Stored dataset items:
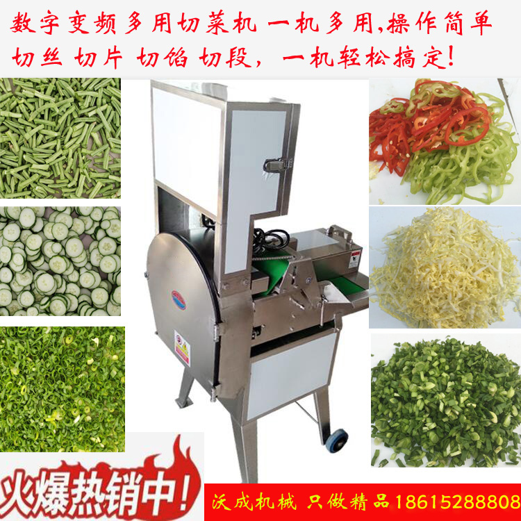 数字变频多用切菜机 可根茎类蔬菜切片(刀片或刀盘),可叶菜类蔬菜切丝切馅(白菜韭菜包心菜等)整机全钢,数字变频调控。
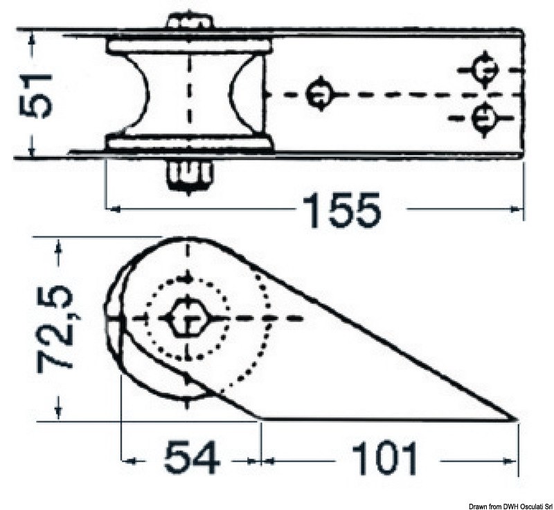 In acciaio inox 304 satinato , con puleggia in nylon peso : 0.48 Lunghezza mm: 155 Larghezza mm: 51 Altezza mm: 72 Puleggia di ricambio: [01.218.82]
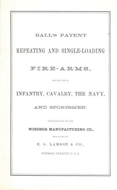 BALLS PATENT REPEATING AND SINGLE LOADING FIREARMS FOR USE OF INFANTRY, CAVALRY, THE NAVY AND SPORTSMAN 1866
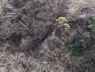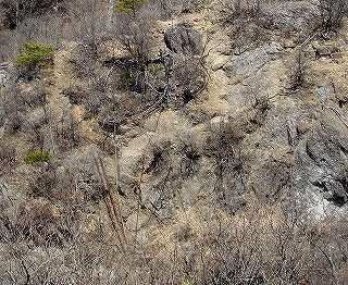 (金山側の斜面、左下にハシゴが見える)__(十二ヶ岳側の斜面、画像の中央がロープ場)
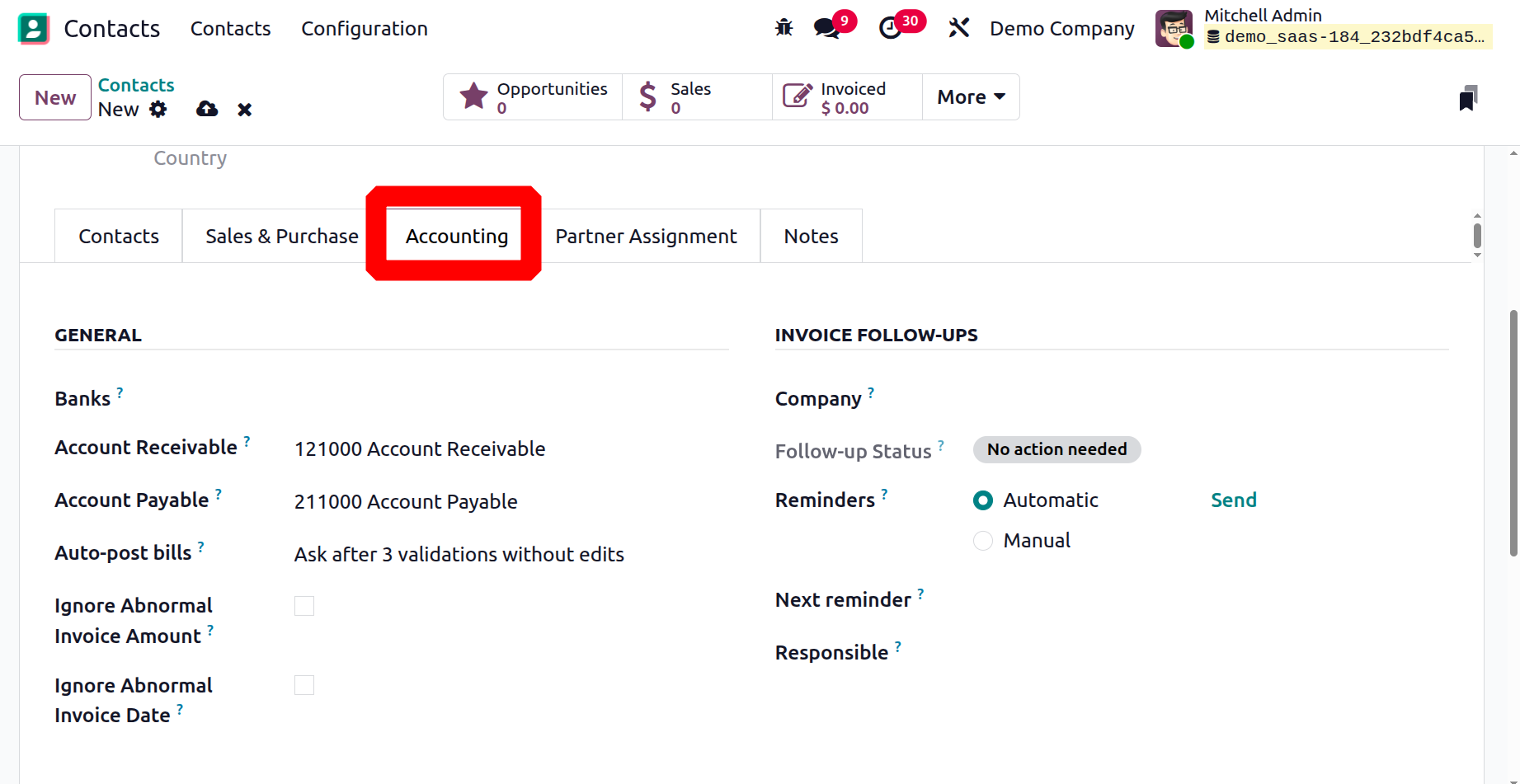 You can configure all the details required for the contact’s accounting procedures under the Accounting tab.
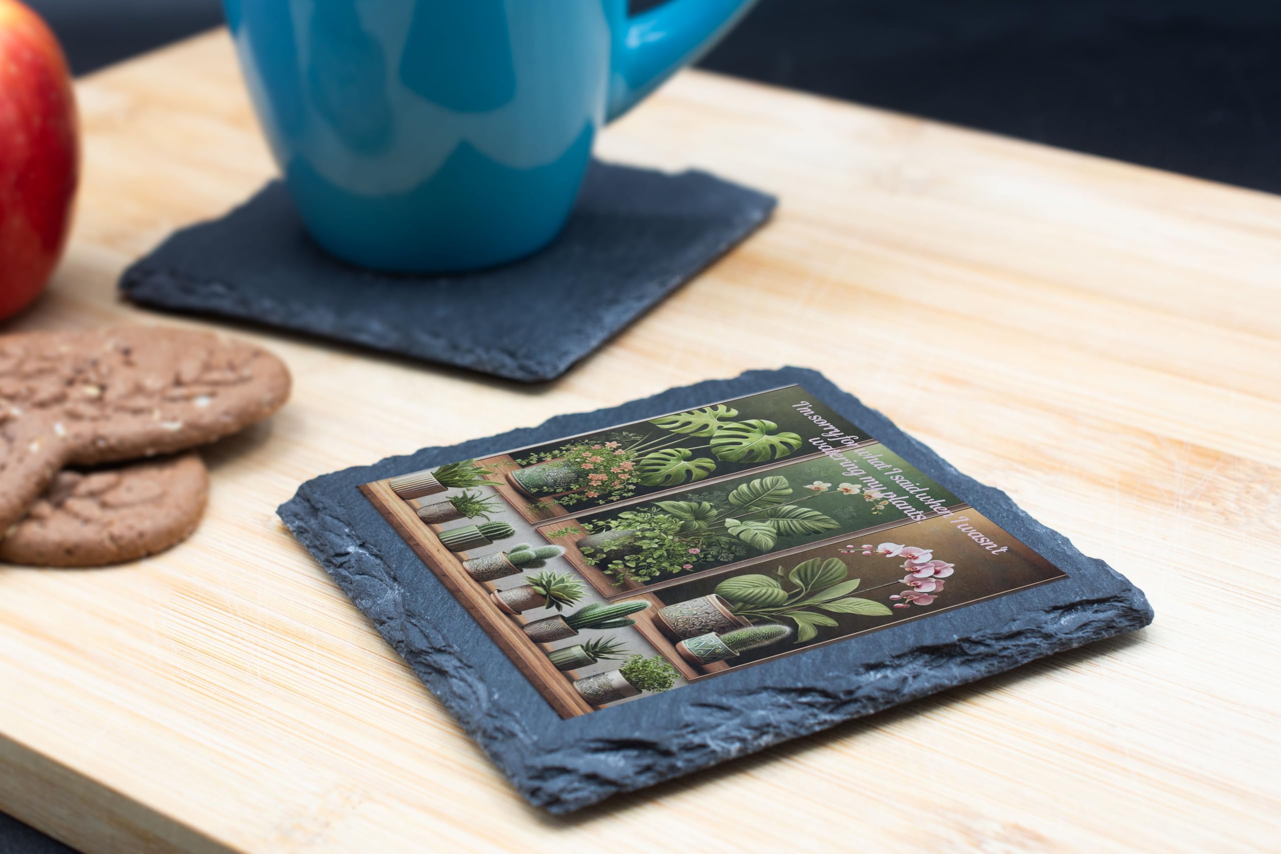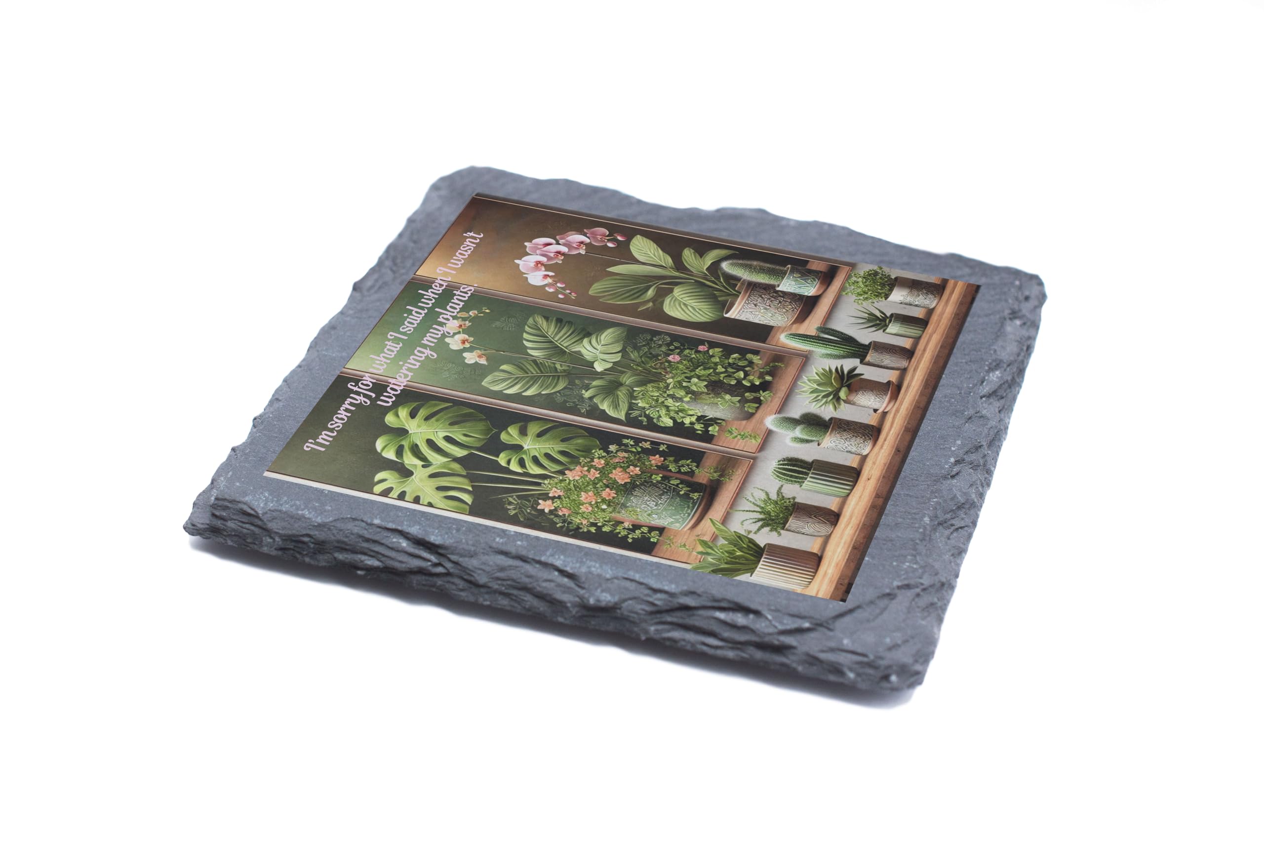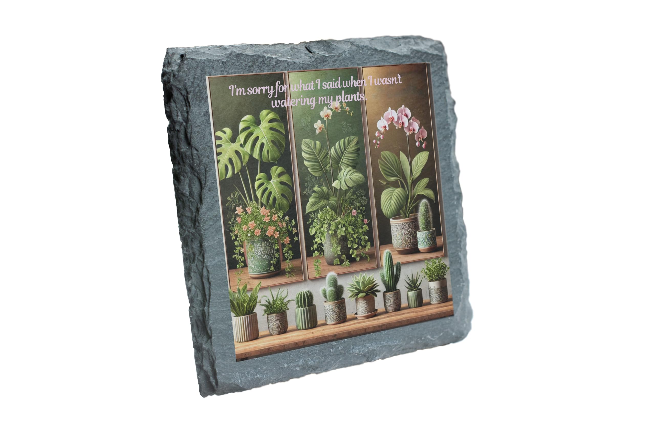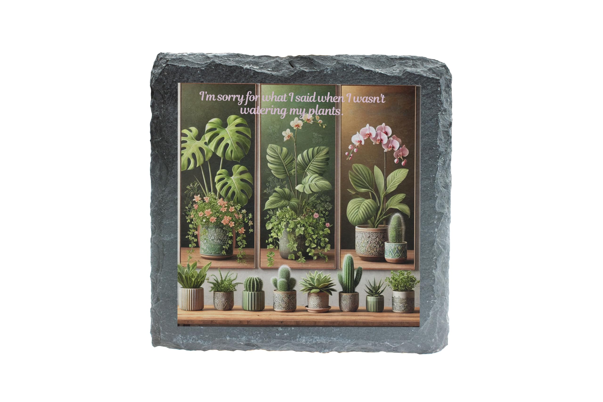 Slate Coaster - 'I'm Sorry for What I Said While Watering My Plants' Botanical Design (slco-kf25-sorryplantshg)

EXERCISE DETAILS: Leaving the pictures aside, give back all the records exactly as they are.

SOLUTION BELOW:
 数字变频多用切菜机 可根茎类蔬菜切片(刀片或刀盘),可叶菜类蔬菜切丝切馅(白菜韭菜包心菜等)整机全钢,数字变频调控。
 In acciaio inox 304 satinato , con puleggia in nylon peso : 0.48 Lunghezza mm: 155 Larghezza mm: 51 Altezza mm: 72 Puleggia di ricambio: [01.218.82]
 BALLS PATENT REPEATING AND SINGLE LOADING FIREARMS FOR USE OF INFANTRY, CAVALRY, THE NAVY AND SPORTSMAN 1866
 (金山側の斜面、左下にハシゴが見える)__(十二ヶ岳側の斜面、画像の中央がロープ場)
 You can configure all the details required for the contact’s accounting procedures under the Accounting tab.
 Slate Coaster - 'I'm Sorry for What I Said While Watering My Plants' Botanical Design (slco-kf25-sorryplantshg)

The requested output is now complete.